Who Gets The Credit?
Years ago when I was just out of high school, I was driving my little Honda Civic to youth group. As I drove through an intersection, a lady ran a stop sign, driving out in front of me before I could stop, and I totaled my car. I also managed to ruin my back.
From that day on, I dealt with doctor’s visits and back pain constantly. I had MRI’s, physical therapy, back exercises, and nothing helped. It was manageable without prescription medication and I didn’t need surgery, but it was a constant hindrance. I could no longer go backpacking, because the weight of my pack was too much for my injury. I was a summer intern on a ropes course, but could no longer do many of the climbing activities and had to work on the ground instead.

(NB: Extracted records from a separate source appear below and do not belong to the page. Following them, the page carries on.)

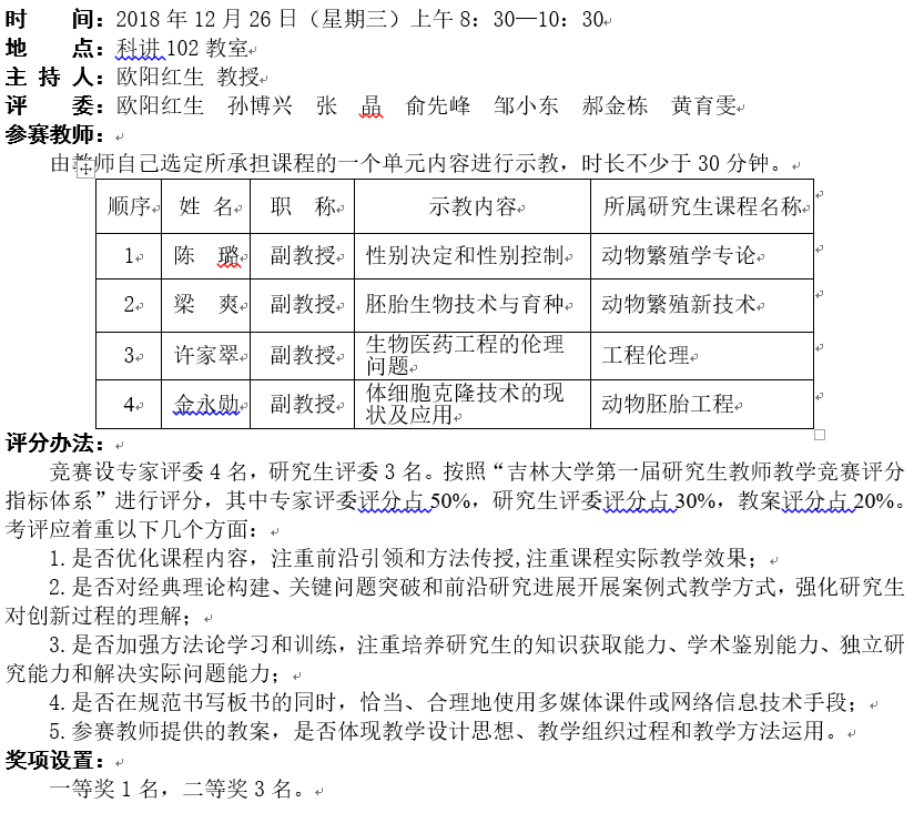 beat365英国官网网站第一届研究生教师教学竞赛安排及程序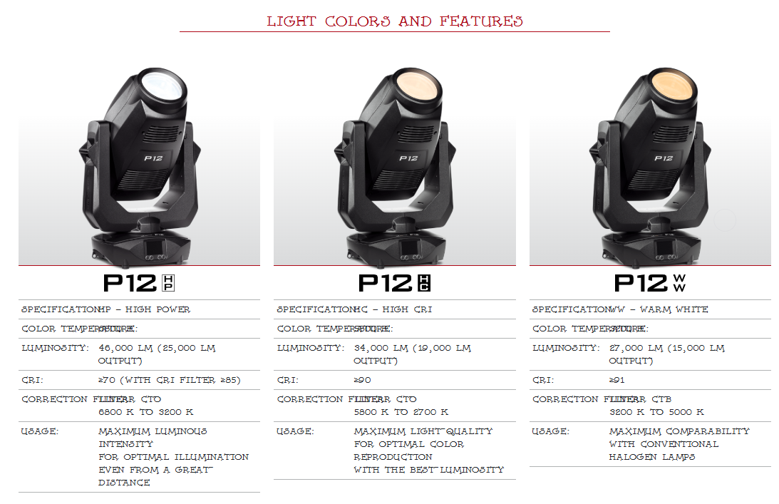 - P12 HC and WW: 1 color wheel with 7 full and half colors + open and linear color selection + CTB filter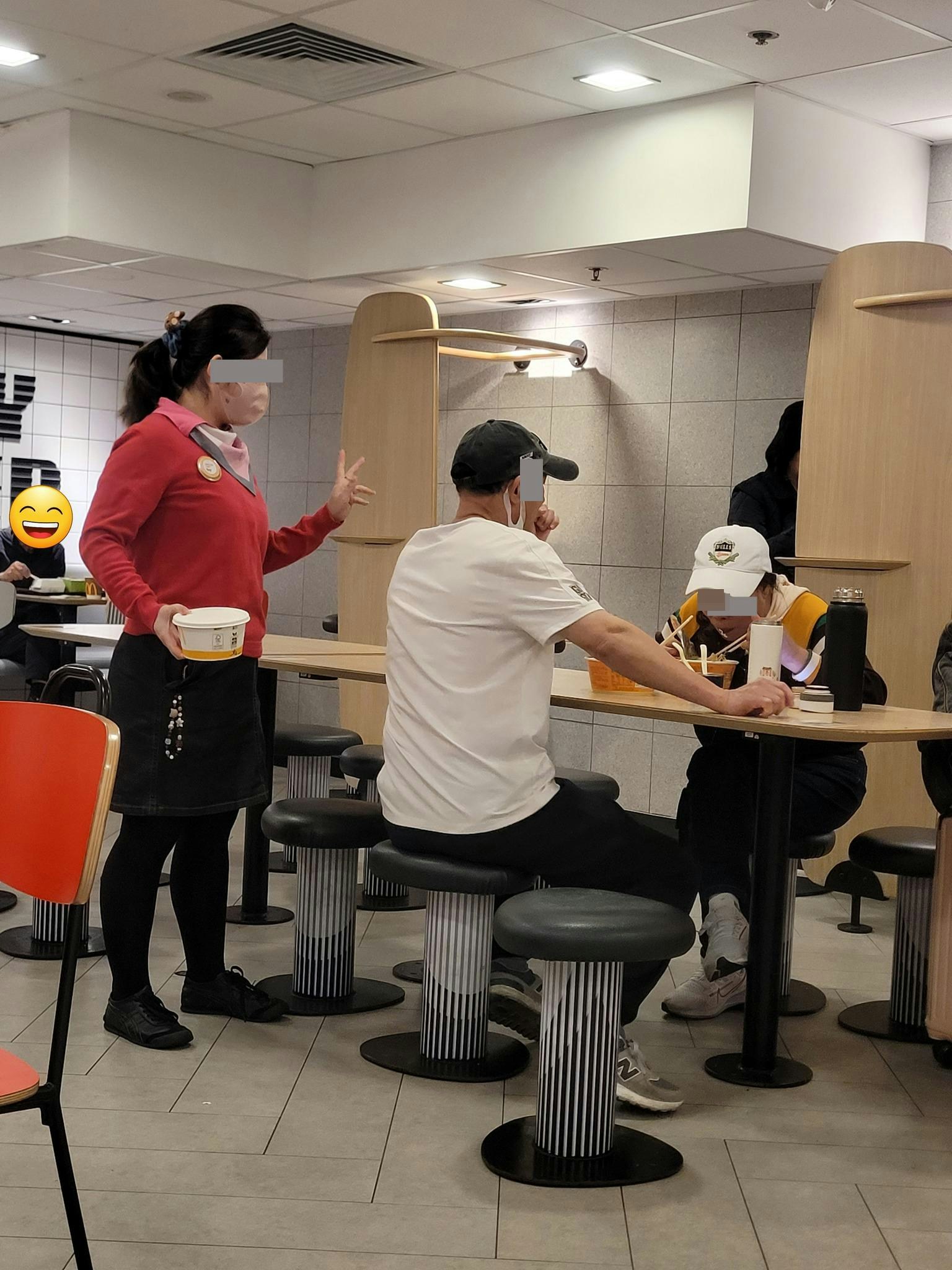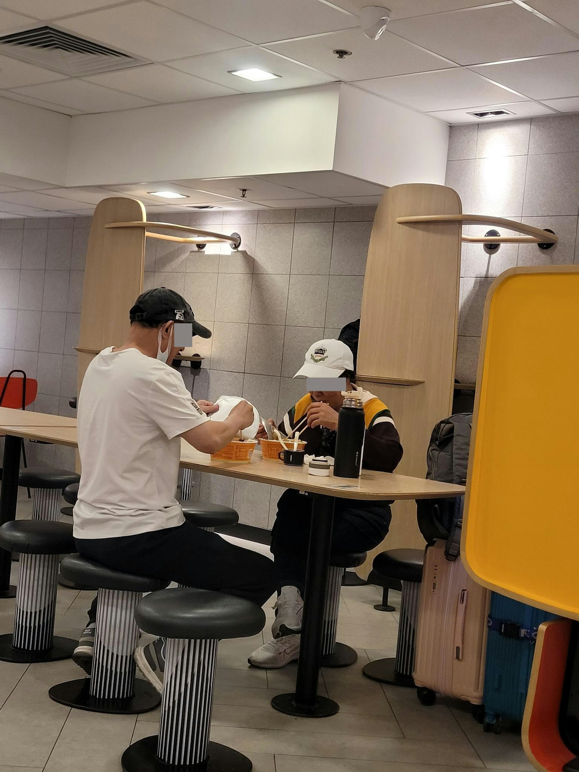 0 z) F" D4 {8 Q; ^4 A2 X1 j" h+ j有網民在Facebook群組「青衣街坊吹水會」上發相,指當時在12月18日上午11時,相片可見有一對男女在座位上食杯麵,桌上更放有自備的水樽,身旁有兩個行李喼及背包,看來似是旅客。而另一張相見有麥當勞女職員上前,似是在勸喻兩人。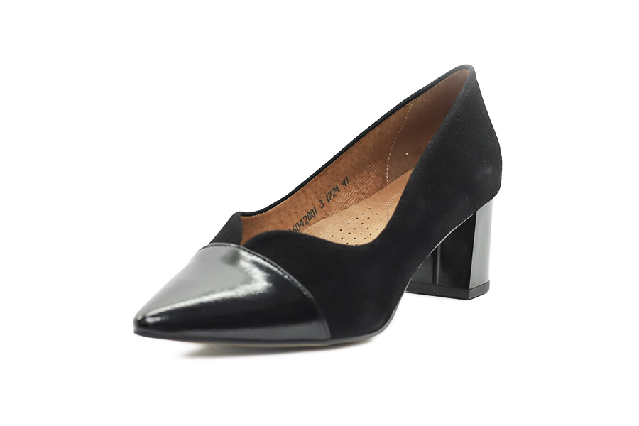 Dámské lodičky Pulso v černém provedení kombinují velur a lakovanou kůži, mají šíři G, koženou podšívku a pohodlný stabilní podpatek 5,5 cm s jemnou platformou 0,5 cm pro elegantní a

My quality of life had most definitely changed and it was frustrating and depressing at times.
I prayed for healing. When I went to church, others would pray for me. But it didn’t work. I still struggled through and learned to live differently. I doubted myself and wondered if my faith just wasn’t strong enough. The lack of healing was surely from something I wasn’t doing right.
I just didn’t get it… Why wouldn’t God heal me?
A few years after the accident, I found a new physical therapist and we started seeing progress! One of the treatments she used was a Tens (Transcutaneous Electrical Nerve Stimulation) unit. It was painful, and I would leave her office in more pain than when I came in, but as time passed, it just continued to get better and better.
Time passed, and I had to stop going to therapy because I just didn’t have enough money to continue paying the bills. I continued doing exercises at home and hoped for the best.
I remember one day I was just sitting around not doing much and it hit me. I’m healed! It had been such a long and gradual process, that I almost didn’t even realize it.
I give God the credit for my healing. Yes, He provided healing for me by using conventional methods of medicine instead of instantly during a moment of prayer. Does that mean He doesn’t get credit for healing me? I could have gone to the doctor for years without seeing any results, but you can’t deny my back was healed.
Just because things often don’t happen in the way we would like, or perhaps the way we might imagine they should, doesn’t mean we shouldn’t give credit where credit is due. God has provided us with modern medicine. It is by His hand that we are healed.
As I looked back at the journey I had to go through to find healing, I realized that because it took time and effort, I appreciated the healing so much more. Had I been miraculously healed, I fear I would have been no different from story of the ten lepers. Ten were healed, but only one returned to give Jesus praise and glory.